The fundamental period of the graphs of \(\sin x, \cos x, \csc x, \sec x \) is \(2\pi,\) while the fundamental period of the graphs of \( \tan x, \cot x \) is \(\pi\).

Pythagorean identities:

\[\begin{eqnarray} \sin^2 A + \cos^2 A &=& 1 \\ \tan^2 A + 1 &=& \sec^2 A \\ \cot^2 A + 1 &=& \csc^2 A. \end{eqnarray} \]

Compound angle formulas:

\[\begin{eqnarray} \sin(A\pm B) &=& \sin A \cos B \pm \cos A \sin B \\ \cos(A\pm B) &=& \cos A \cos B \mp \sin A \sin B \\ \tan(A\pm B) &=& \frac{ \tan A \pm \tan B } { 1 \mp \tan A \tan B }. \end{eqnarray} \]

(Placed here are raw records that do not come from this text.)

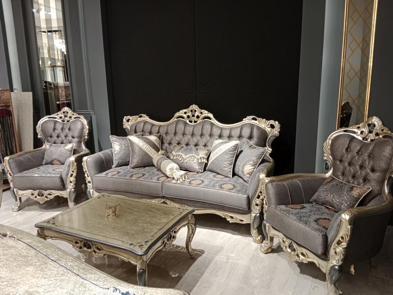 Elegantní obývací pokoj Chesterfield set sedací soupravy 3+1+1 sedadla je skvělým doplňkem pro vaší obývací pokoj. Tento luxusní nábytek nabízí pohodlnou pohovku se třemi sedadly a dvěma křesly ve stejném designu. S elegancí a stylém Chesterfield vytvoří váš obývací pokoj útulné prostředí pro relaxaci a setkávání s přáteli a rodinou. Díky kvalitnímu materiálu - dřevu s textilií, je tento set nejenovný, ale také odolný a snadno udržovatelný.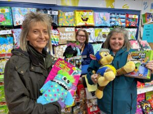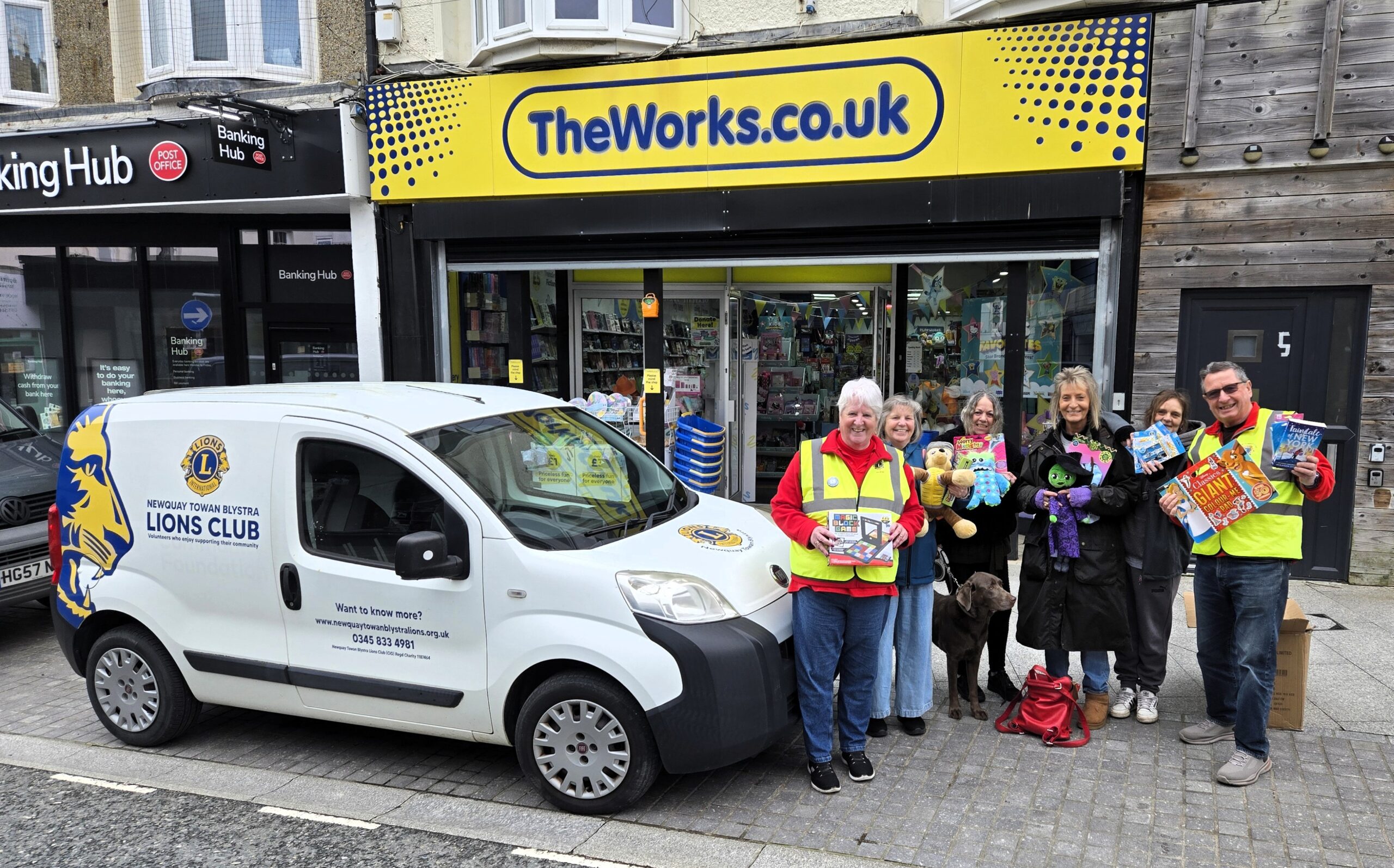 Vicky, Store Manager of The Works in Newquay, recently invited members of Newquay Towan Blystra Lions to collect a generous donation of assorted gifts from the store. The donation included a variety of books, stuffed toys, and games.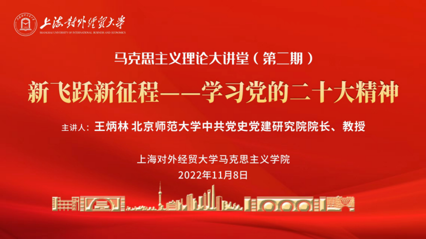 11月8日,为深入学习贯彻党的二十大精神,做好研究阐释工作,上海对外经贸大学“马克思主义理论大讲堂”第二期邀请北京师范大学中共党史党建研究院院长王炳林教授做“新飞跃新征程——学习党的二十大精神”专题讲座,支部全体党员认真听了本次讲座。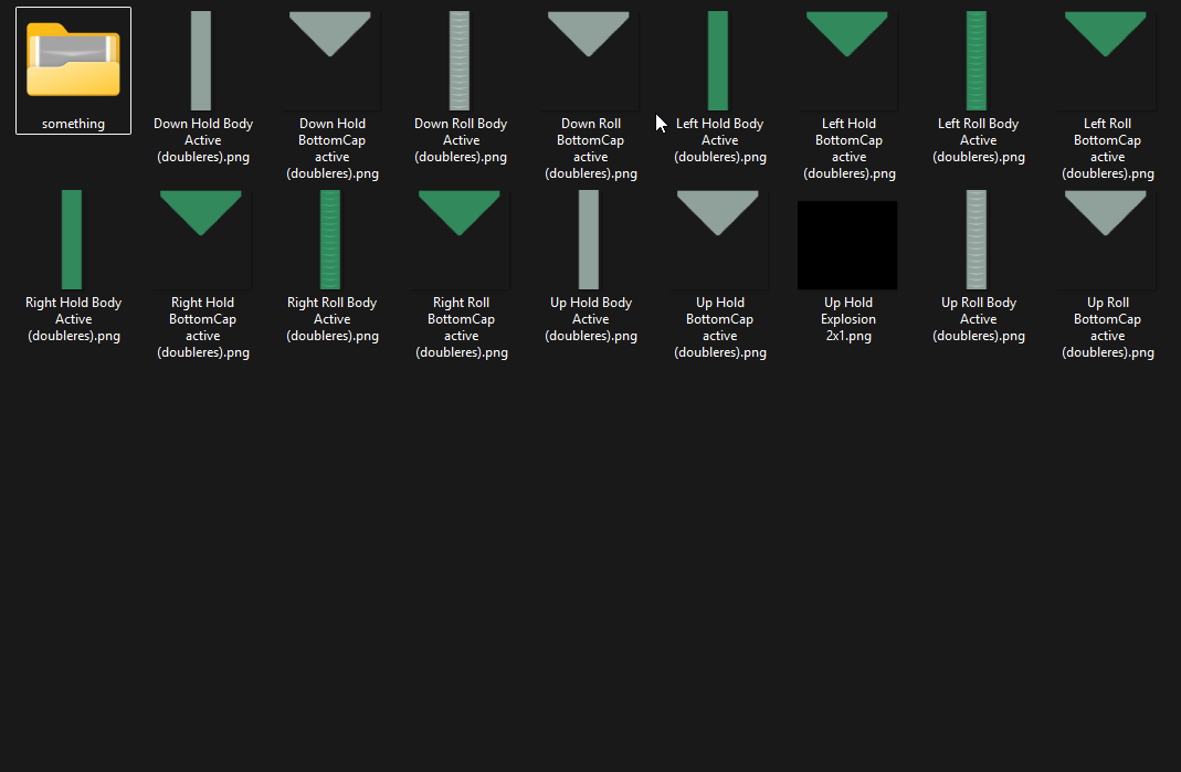 I’m curious as to how I can set the hold body image for each lane to have a different color. I’ve seen other skins that achieve this like the zinnia skin on the website or monheim’s etterna skin, but I cannot figure out how I can do it myself. I asked a similar question in the etterna discord server and I was told to rename the hold body images to Down Hold/Roll Body, Left Hold/Roll Body, etc., as shown below, but it didn’t change anything. If it helps, I modified myuka’s etterna arrow skin.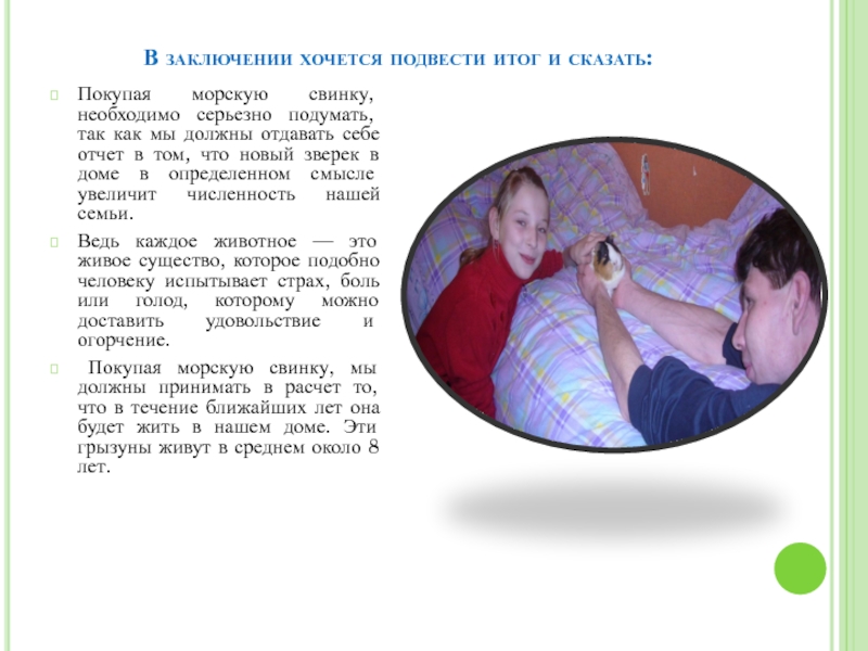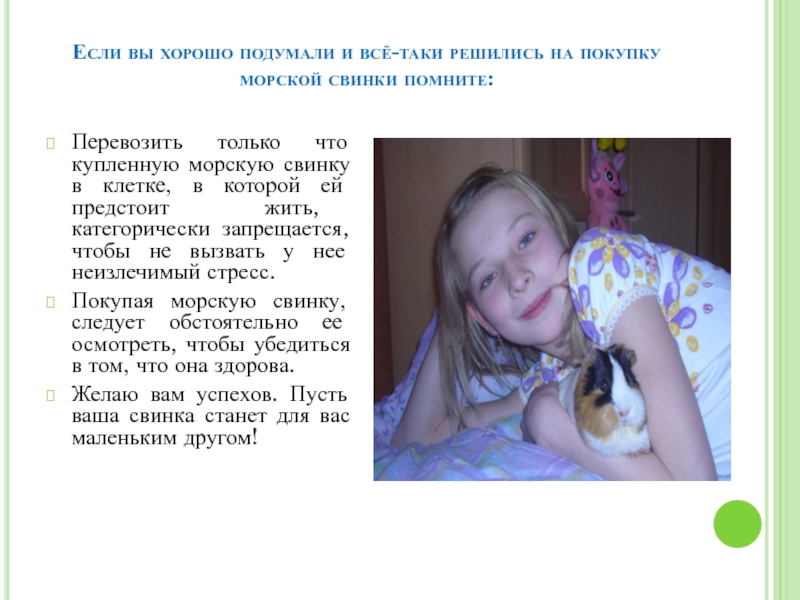 - составить рекомендации (советы) для тех, кто хочет стать хозяином морской свинки .

You may find the following table useful:

\[ \begin{array} {| c | c | c | c | c | c |} \hline \theta & 0^\circ & \frac{\pi}{6} = 30^\circ & \frac{\pi}{4} = 45^\circ & \frac{\pi}{3} = 60^\circ & \frac{\pi}{2} = 90^\circ\\ \hline \sin \theta & \frac {\sqrt{0}} {2} & \frac {\sqrt{1}} {2} & \frac {\sqrt{2}} {2} & \frac {\sqrt{3}} {2} & \frac {\sqrt{4}} {2} \\ \hline \cos \theta & \frac {\sqrt{4}} {2} & \frac {\sqrt{3}} {2} & \frac {\sqrt{2}} {2} & \frac {\sqrt{1}} {2} & \frac {\sqrt{0}} {2}\\ \hline \tan \theta & 0 & \frac { 1}{\sqrt{3} } & 1 & \sqrt{3} & \infty \\ \hline \end{array}\]

For any angle \(\theta,\) we have

\[\begin{align} \cos^2 \theta + \sin^2 \theta &= 1 \\ 1 + \tan^2 \theta &= \sec^2 \theta \\ \cot^2 \theta + 1 &= \csc^2 \theta. \end{align}\]

For any angle \(\theta,\) we have

\[\begin{align} \cos(-\theta) &= \cos \theta \\ \sin(-\theta) &= -\sin \theta\\ \tan(-\theta) &= -\tan \theta\\ \cot(-\theta) &= -\cot \theta\\ \csc(-\theta) &= -\csc \theta\\ \sec(-\theta) &= \sec \theta. \end{align}\]

For any angle \(\theta,\) we have

\[\begin{align} \sin \theta &=\sin(\theta+2\pi) &\quad \csc \theta &=\csc(\theta+2\pi)\\ \cos \theta &=\cos(\theta+2\pi) &\quad \sec \theta &=\sec(\theta+2\pi)\\ \tan \theta &=\tan(\theta+\pi) &\quad \cot \theta &=\cot(\theta+\pi). \end{align}\]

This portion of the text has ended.